Obviously, the US has launched a new cold war with China – but whether it succeeds depends on the response from Beijing and other countries.

China has said “no” to the ideological antagonism between communism and democracy. While the US explicitly targeted the Communist Party and the communist ideology, China has refrained from doing the same towards democracy.

In an interview with Chinese state-run news agency Xinhua on August 5, China’s foreign minister Wang Yi firmly rejected the idea of a new cold war by saying that “today’s China is not the former Soviet Union. We have no intention of becoming another US. China does not export ideology”.

In other words, China does not plan to take part in an ideological struggle with the US for the hearts and minds of the world’s other countries, although it continues its own way of pursuing the communist ideology and Communist Party rule inside China.

When it comes to the start of a new cold war, it will take two to tango – so if China does not fight back in the same way, the US will fall into an ideological trap, alone but for its dream of a democratic crusade.

Since August, top diplomats from the US and China have been busy with their respective “charm offensive” agendas. While US secretary of state Pompeo worked hard to sell a hardline policy on China – especially concerning 5G technology and Huawei – in Europe, Wang Yi conducted a diplomatic tour of five European countries.

European nations might be sympathetic to Pompeo’s calls for democracy, and share deep concerns over the human rights issues in China, but they have hesitations over blindly following the Trumpian cold-war strategy of decoupling with China – simply because China is their largest trading partner and an indispensable player in the global supply chain.

Washington’s actions against Beijing include attempts to ban Chinese social media apps such as TikTok. Photo: AFP

More importantly, China seems to have no intention of exporting communism to other countries, unlike the Soviet Union during the Cold War.

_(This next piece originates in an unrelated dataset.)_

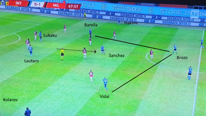 Inoltre, con il rombo (modulo che fa tanta densità al centro), Sanchez ha inciso anche tra le linee, con punte e centrocampisti che combinavano bene per vie centrali. I nerazzurri riuscivano a sfondare in tanti modi.

The upgrading of the Quadrilateral Security Dialogue – the informal strategic forum known as the Quad – between the US, Australia, Japan and India seems to be an emerging Asian equivalent of the North Atlantic Treaty Organisation (Nato).

The recent border stand-off between China and India has pushed New Delhi closer to the other Quad countries – and, ironically, the further institutionalisation of the Quad vis-à-vis becoming an Asian Nato is to a large extent contingent on how Beijing handles this dispute.

The policymakers in New Delhi and Beijing have tried to keep cool heads, as evinced by the recent joint statement calling for more confidence-building measures after their foreign ministers met in Moscow during the Shanghai Cooperation Organisation meeting.

An Asian Nato is not impossible, but it is more likely to be driven by China’s “Wolf Warrior” diplomacy than the US’ democracy-based ideological appeal.

It sounds like a cliché to say that other countries in Asia do not want to pick sides between the US and China. It would surely be nice to bet on both sides, if possible.

An Indian Air Force fighter jet flies over a mountain range in Leh, the joint capital of the union territory of Ladakh, near India and China’s disputed border. Photo: AFP

However, the wait-and-see or hedging approach adopted by most Asian countries against the backdrop of intensifying US-China strategic competition will not be good enough to prevent a new cold war.

It is passive and even dangerous because both Washington and Beijing may be encouraged to take a risk-acceptant move, including a small-scale conflict, to lure these important players into their respective camps. Therefore, the indifferent attitude of other Asian countries might accelerate, rather than circumvent, a new cold war between the US and China in Asia.

It is time for Asian countries to revisit the “Bandung spirit” that inspired the Non-Aligned Movement during the Cold War. It is imperative for other countries to proclaim clearly that it is not in anyone’s interest to have a new, ideology-driven, cold war.

China and India were among the participants of the 1955 Bandung Conference in Indonesia. It is their responsibility to reignite the Bandung spirit and resolve their border disputes peacefully. A new cold war might serve some politicians’ personal interests in the short run, but it will lead to a political, social and economic catastrophe in the region for decades.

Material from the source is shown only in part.